§ **WHAT THE EXERCISE ASKS**
In the entries that follow, repeat exactly the lines from the one that has "Zhishu New Chinese" through the one that has "2025 새로운 어린이", but omit pictures.

Saved entries

┌────────

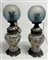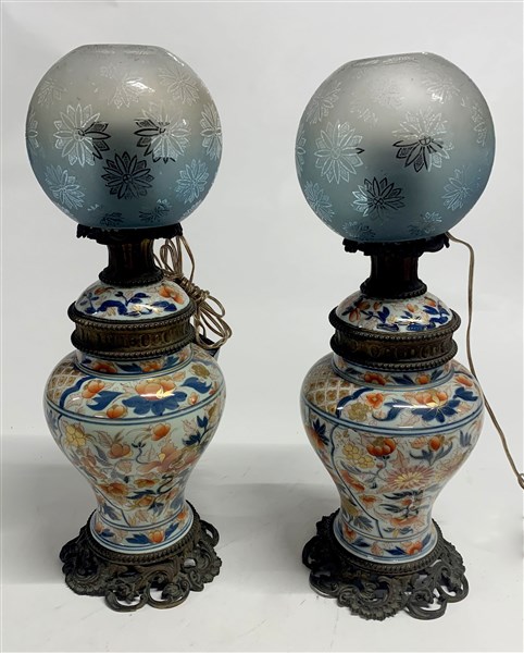 Coppia di lampade ad olio a decoro Imari, montatura in metallo dorato, paralume in vetro (h. tot cm 54) (lievi difetti, montate a luce elttrica)
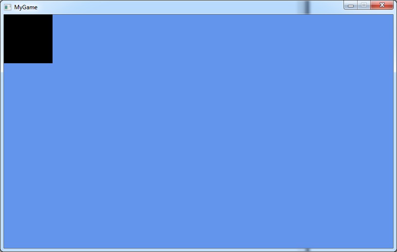 using Microsoft.Xna.Framework; using Microsoft.Xna.Framework.Graphics; class MyGame : Game { GraphicsDeviceManager graphics; SpriteBatch spriteBatch; Texture2D texture; public MyGame() { graphics = new GraphicsDeviceManager(this); } protected override void LoadContent() { spriteBatch = new SpriteBatch(GraphicsDevice); texture = new Texture2D(GraphicsDevice, 1, 1); texture.SetData<Color>(new Color[] { Color.Black }); } protected override void Draw(GameTime gameTime) { GraphicsDevice.Clear(Color.CornflowerBlue); spriteBatch.Begin(); spriteBatch.Draw(texture, new Rectangle(0, 0, 100, 100), Color.White); spriteBatch.End(); } static void Main() { using (MyGame game = new MyGame()) { game.Run(); } } }
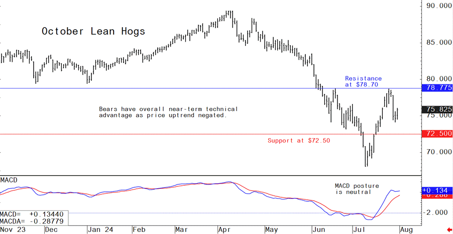October lean hog futures--$73.00 to 79.00 and with a sideways bias
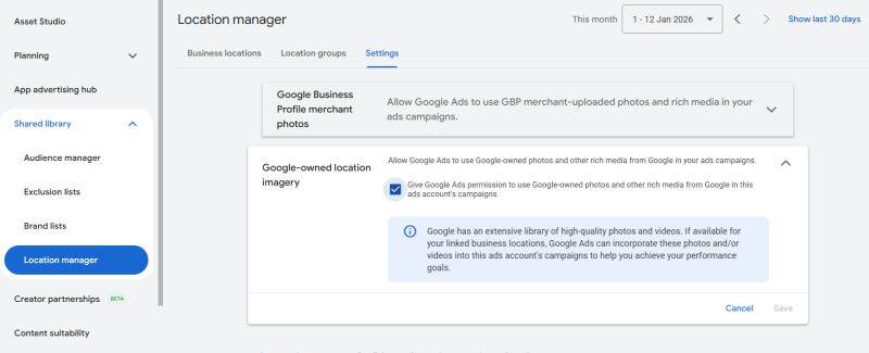בספרייה המשותפת (Shared Library) תחת מנהל המיקומים (Location Manager), גוגל אדס כוללת כעת אפשרות הנקראת "נתוני מיקום בבעלות גוגל" (Google Owned Location Data). כאשר היא מופעלת, גוגל יכולה למשוך באופן אוטומטי תמונות מהספרייה שלה ולהשתמש בהם במודעות הקשורות למיקומי העסק שלכם.
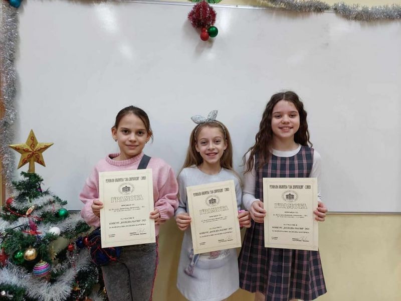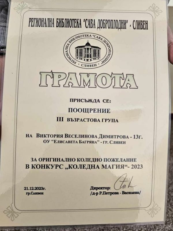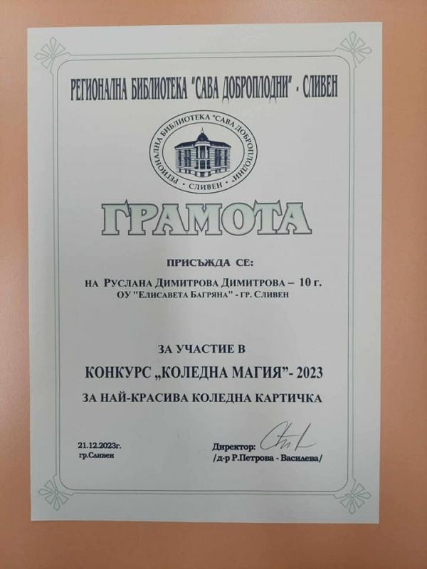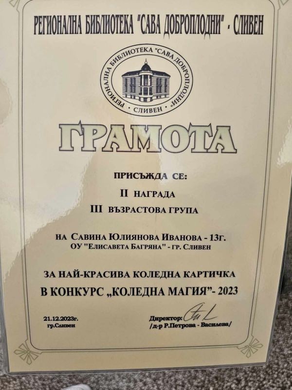 На 21.12.2023 г. в РБ "Сава Доброплодни” - Сливен се състоя награждаването на участниците в конкурса за коледна картичка и оригинално коледно пожелание „Коледна магия“ – 2023. На награждаването присъстваха директорът на ОУ "Елисавета Багряна" г-жа Величка Христова и учителите г-жа Здравка Долушанова и г-жа Славка Калчева.
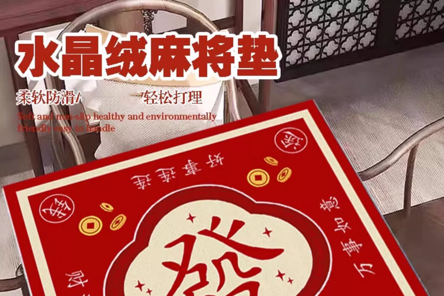 Zhishu New Chinese Mahjong Mat Thickened Silent Non-slip Mahjong Table Mat Tablecloth Square Square Table Poker Card Special Time Lai Lun Red 80*80cm (Best Selling Size)
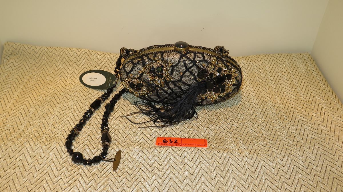 New Mary Frances Beaded Bag: Oval "Spinner" High Drama w/Black Web Lace
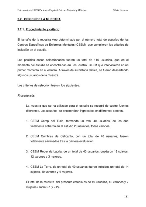 Entrenamiento HHSS Pacientes Esquizofrénicos - Material y Métodos Silvia Navarro
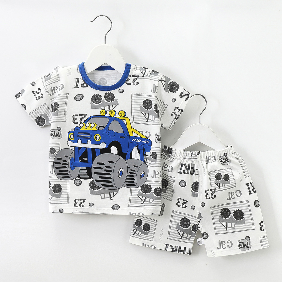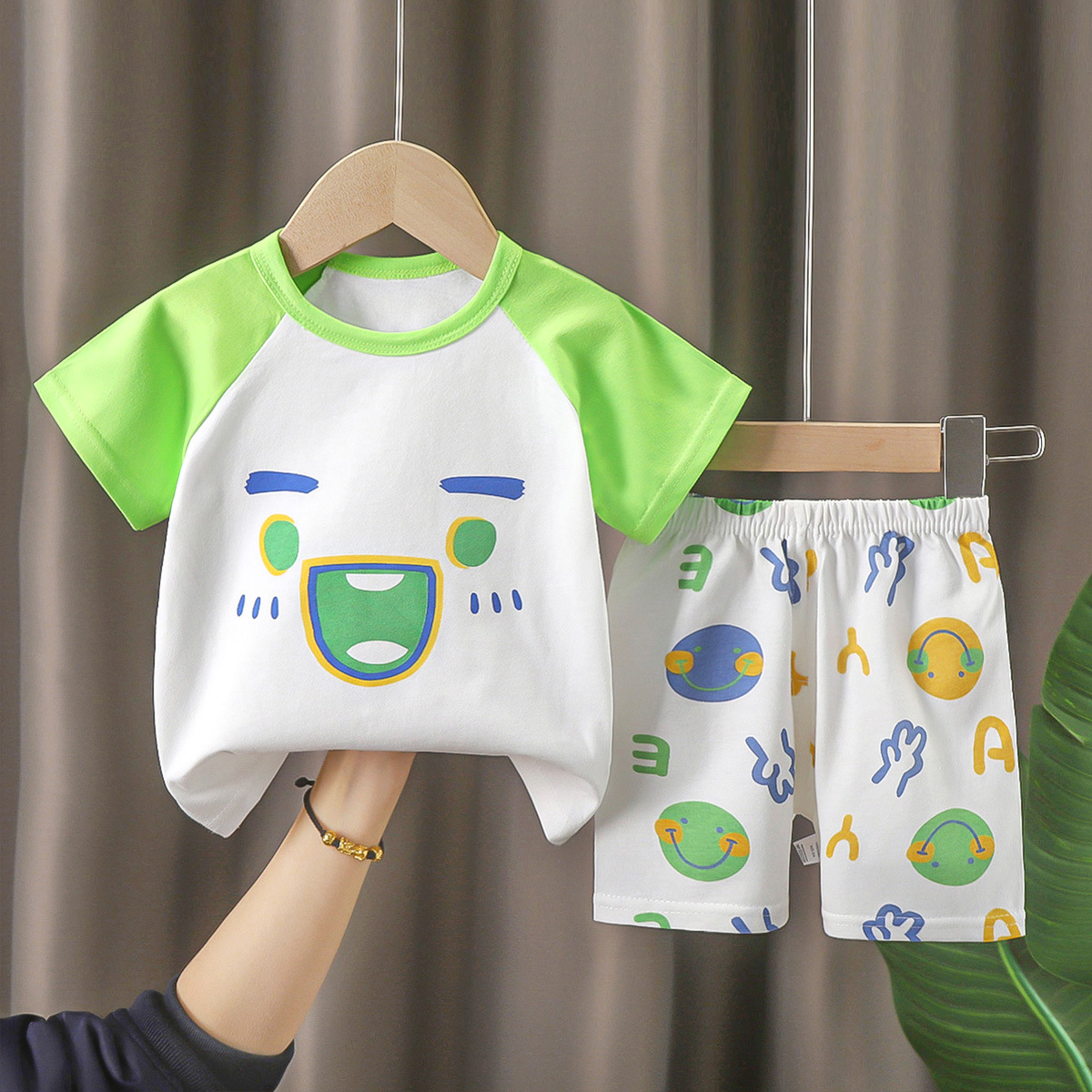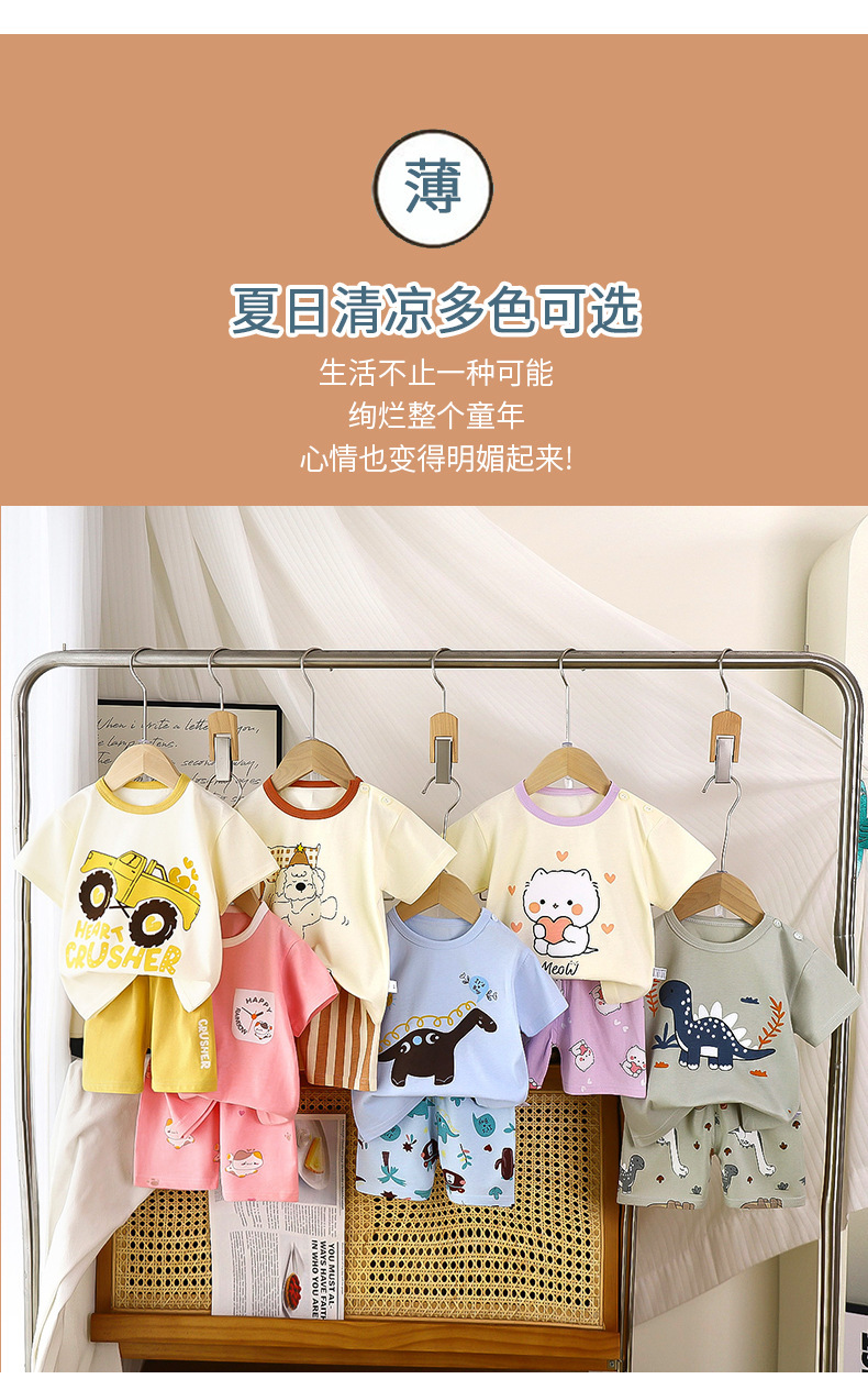 2025 새로운 어린이 반팔 세트 면화 여름 아기 티셔츠 반바지 세트 여름 얇은 아동복 도매스토어 가기
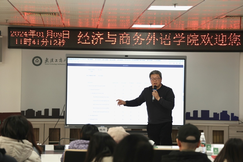 (经济与商务外语学院新闻中心讯 通讯员 芮涛)2024年1月9日,BB贝博艾弗森官方网站经济与商务外语学院在综合楼920会议室成功举办了关于“共建模式下的知识图谱”的培训讲座。此次讲座由湖北超星AI事业部知识图谱总监兼超星产业学院院长魏涛介绍基于超星平台构建课程和专业知识图谱的方法,为教师们开展基于知识图谱的课程改革提供了便利可行的路径。经济与商务外语学院院长张晓骏、副院长徐良培以及全体教师参加了本次讲座活动。
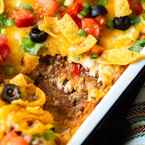 All your taco favorites layered in a casserole! Easy, cheesy, and ready in a flash—taco night made even better.
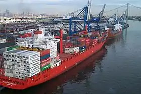 Generally the term applies to the publicly owned marine terminals located within Philadelphia city limits along west bank of the river. These terminals are managed by the Philadelphia Regional Port Authority, PhilaPort,[2] an agency of the Commonwealth of Pennsylvania. The term is sometimes used for Delaware River port complex to collectively refer to the ports and energy facilities along the river in the tri-state PA-NJ-DE Delaware Valley region. They include the Port of Salem, the Port of Wilmington, the Port of Chester, the Port of Paulsboro, the Port of Philadelphia and the Port of Camden.[3] Combined they create one of the largest shipping areas of the United States. In 2016, 2,427 ships arrived at Delaware River port facilities: Fruit ships were counted at 577, petroleum at 474, and containerized cargo at 431.[4]
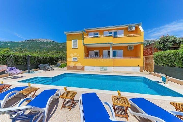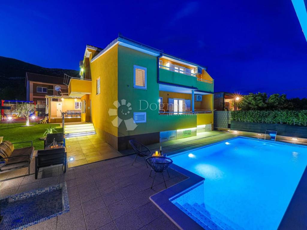 Discover the fusion of Mediterranean charm and modern comfort in this beautiful 260 m villa, located in the peaceful surroundings of Kaštel Lukšić. Designed for the complete comfort of 12 guests, this property represents the perfect opportunity for those looking for a high return on investment through year-round tourist rental.
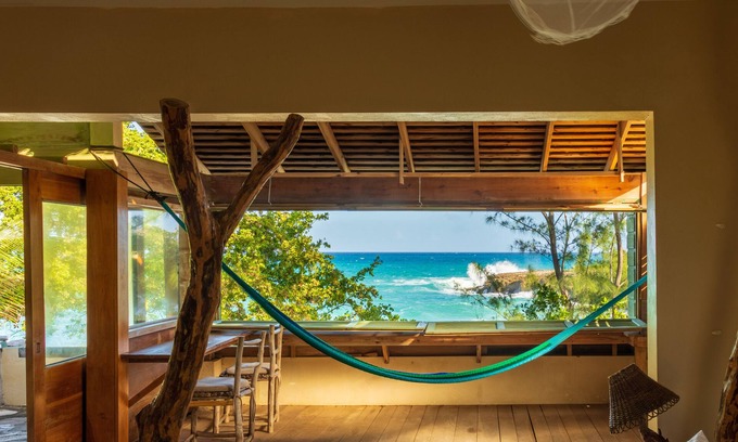 Enjoy waking up to a cup of Jamaican Blue Mountain Coffee sitting in your hammock chairs overlooking the white sand beach! There is a large deck with a double size lounger as well!
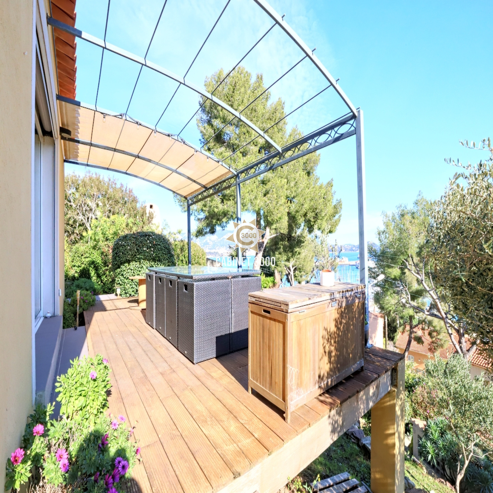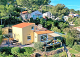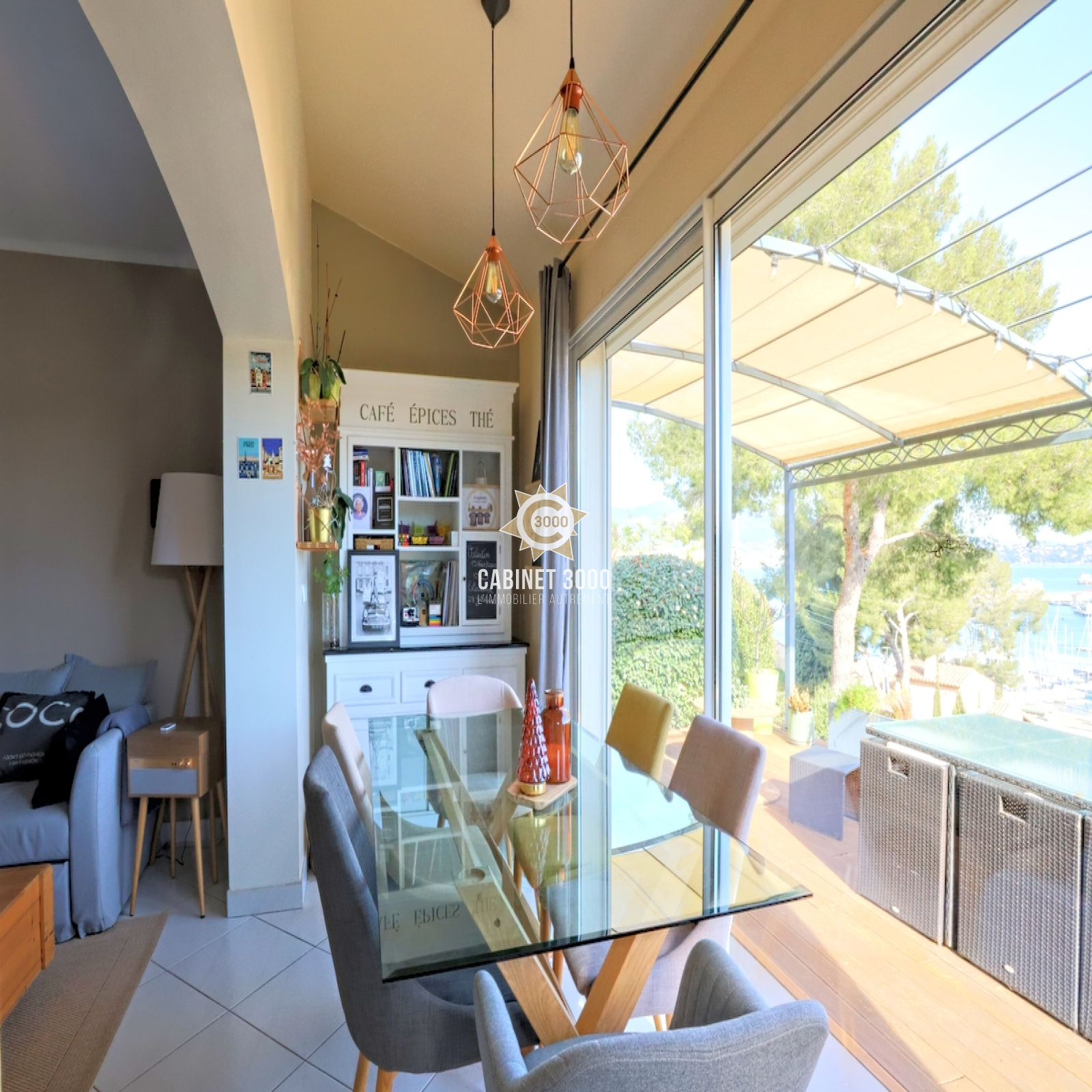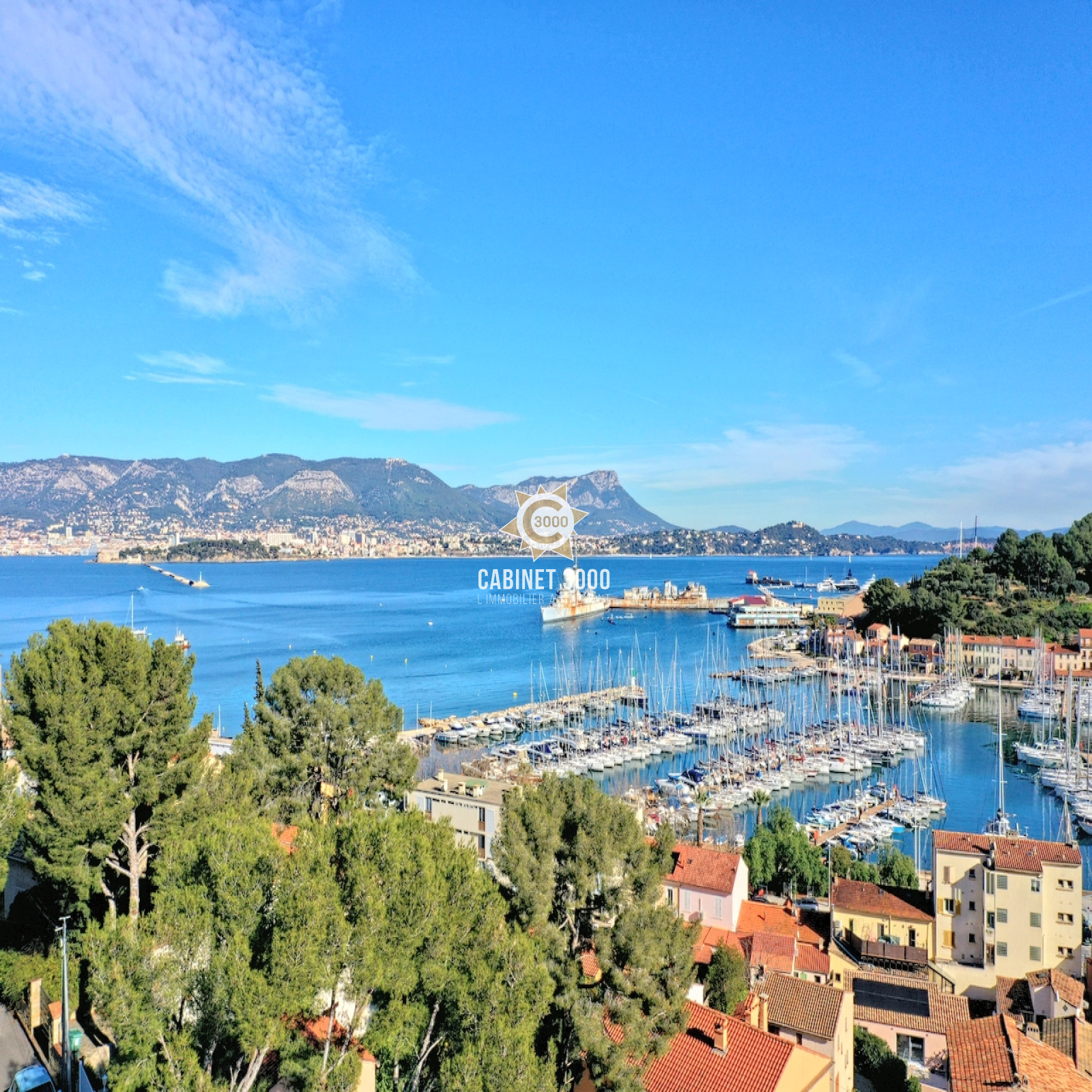 A Saint Mandrier, Village, vue mer pour cette lumineuse maison de type T5 de 146 m², en parfait état, comprenant : cuisine ouverte, séjour donnant sur terrasse et jardin, 4 chambres, bureau, 2 salles d'eau, 2 WC, buanderie, cave et garage sur une parcelle de 620 m² en restanques, à proximité des plages, du port et des commerces. Navette maritime à pied pour se rendre en 15 minutes sur Toulon.

└────────

§ **ANSWER SECTION**
 Zhishu New Chinese Mahjong Mat Thickened Silent Non-slip Mahjong Table Mat Tablecloth Square Square Table Poker Card Special Time Lai Lun Red 80*80cm (Best Selling Size)
 New Mary Frances Beaded Bag: Oval "Spinner" High Drama w/Black Web Lace
 Entrenamiento HHSS Pacientes Esquizofrénicos - Material y Métodos Silvia Navarro
 2025 새로운 어린이 반팔 세트 면화 여름 아기 티셔츠 반바지 세트 여름 얇은 아동복 도매스토어 가기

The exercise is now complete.